### WORK TASK
Copy out the entries below exactly as they stand, but only from the line containing "Женский спортивный костюм" through the line containing "2023年9月,烏克蘭總統澤".

### RECORDS FOR THIS EXERCISE
....

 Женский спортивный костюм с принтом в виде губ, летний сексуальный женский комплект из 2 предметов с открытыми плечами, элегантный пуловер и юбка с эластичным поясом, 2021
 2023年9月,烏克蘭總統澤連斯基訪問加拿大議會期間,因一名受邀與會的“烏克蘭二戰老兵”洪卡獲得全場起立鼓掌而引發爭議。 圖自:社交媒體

....

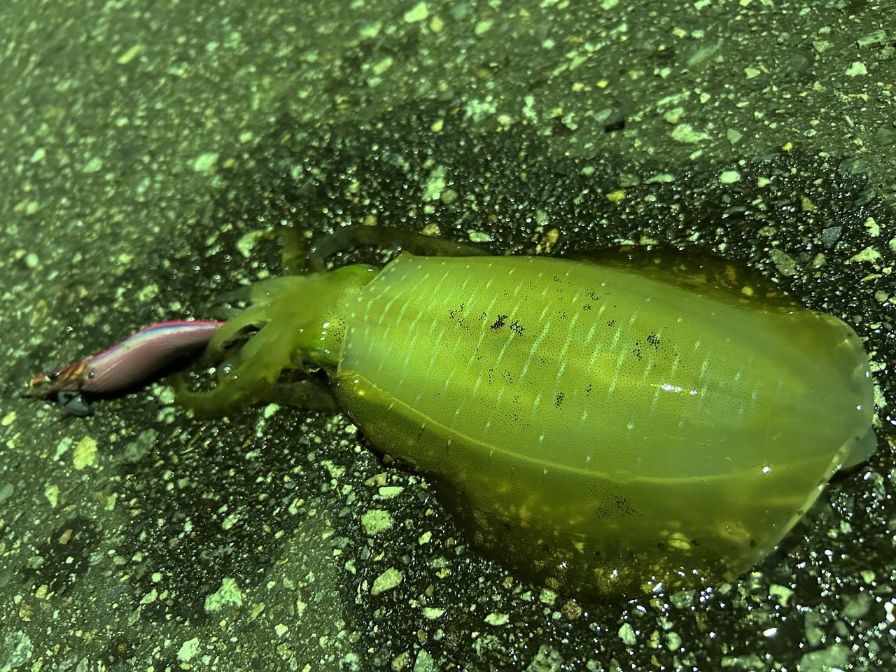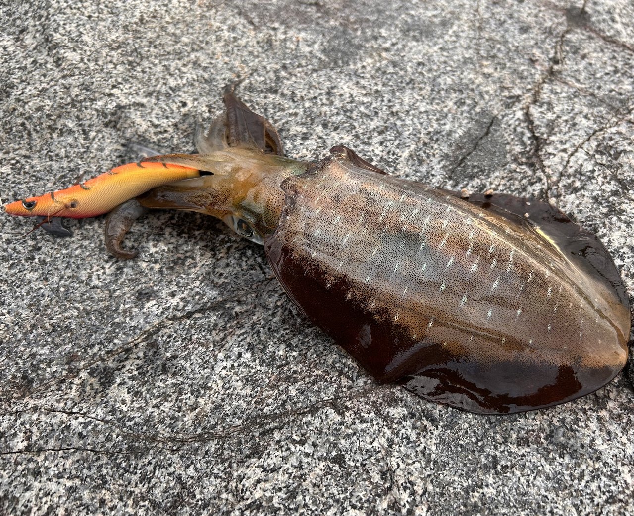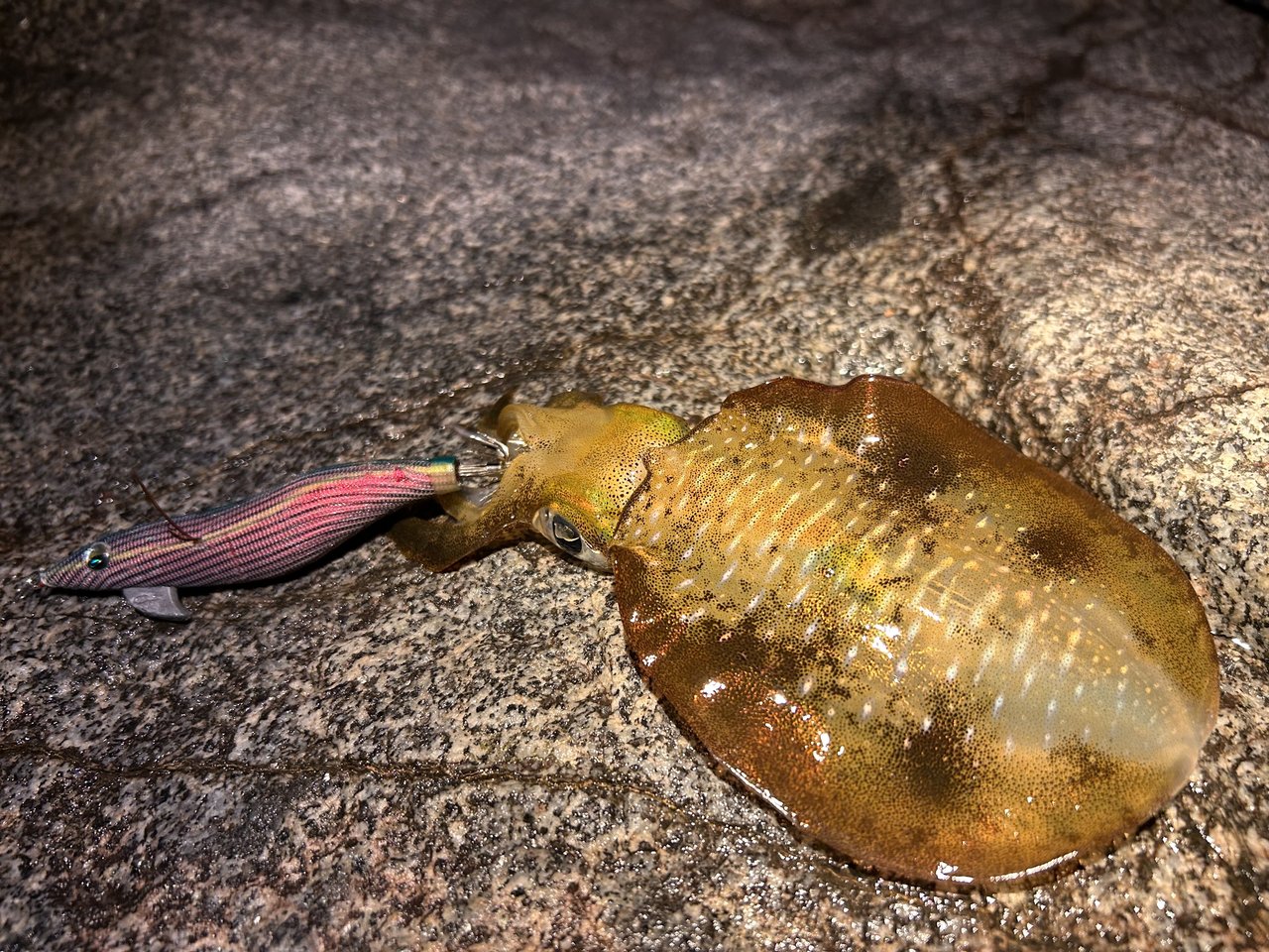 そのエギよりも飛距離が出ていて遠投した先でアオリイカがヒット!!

....

### RESPONSE
 Женский спортивный костюм с принтом в виде губ, летний сексуальный женский комплект из 2 предметов с открытыми плечами, элегантный пуловер и юбка с эластичным поясом, 2021
 2023年9月,烏克蘭總統澤連斯基訪問加拿大議會期間,因一名受邀與會的“烏克蘭二戰老兵”洪卡獲得全場起立鼓掌而引發爭議。 圖自:社交媒體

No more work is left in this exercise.